Philip S. Yu received the B.S. Degree in E.E. from National Taiwan
University, the M.S. and Ph.D. degrees in E.E. from Stanford University,
and the M.B.A. degree from New York University. He is currently a
Professor in the Department of Computer Science at the University of
Illinois at Chicago and also holds the Wexler Chair in Information
Technology.He spent most of his career at IBM Thomas J. Watson Research
Center and was manager of the Software Tools and Techniques group. His
research interests include data mining, privacy preserving data
publishing, data stream, Internet applications and technologies, and
database systems.
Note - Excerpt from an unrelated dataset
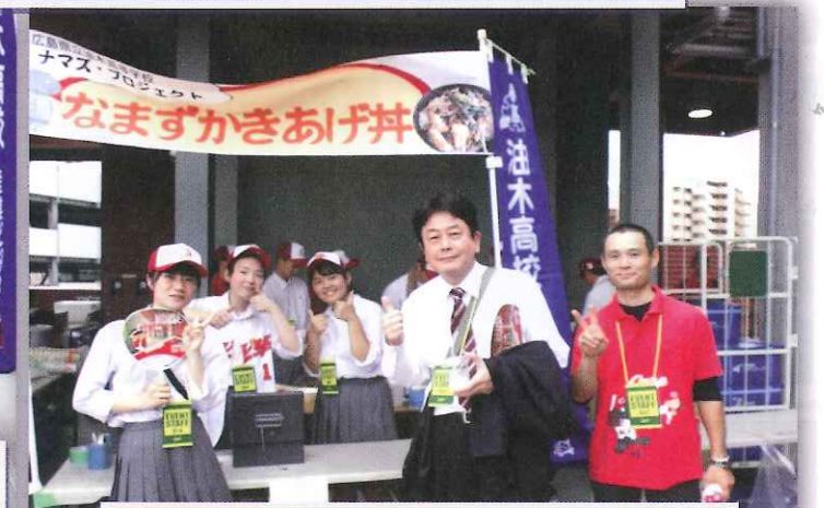
なまずかき揚げ丼の販売！約 400 食を完売！

Dr. Yu has published more than 650 papers in refereed
journals and conferences. He holds or has applied for more than 300 US
patents.

Dr. Yu is a Fellow of the ACM and the IEEE.He is the Editor-in-Chief of
ACM Transactions on Knowledge Discovery from Data.He is on the steering
committee of the IEEE Conference on Data Mining and ACM Conference on
Information and Knowledge Management and was a member of the IEEE Data
Engineering steering committee.He was the Editor-in-Chief of IEEE
Transactions on Knowledge and Data Engineering (2001-2004). He had also
served as an associate editor of ACM Transactions on the Internet
Technology and Knowledge and Information Systems.He had received several
IBM honors including 2 IBM Outstanding Innovation Awards, an Outstanding
Technical Achievement Award, 2 Research Division Awards and the 94th
plateau of Invention Achievement Awards.He was an IBM Master Inventor.Dr.
Yu received a Research Contributions Award from IEEE Intl. Conference on
Data Mining in 2003 and also an IEEE Region 1 Award for "promoting and
perpetuating numerous new electrical engineering concepts" in 1999.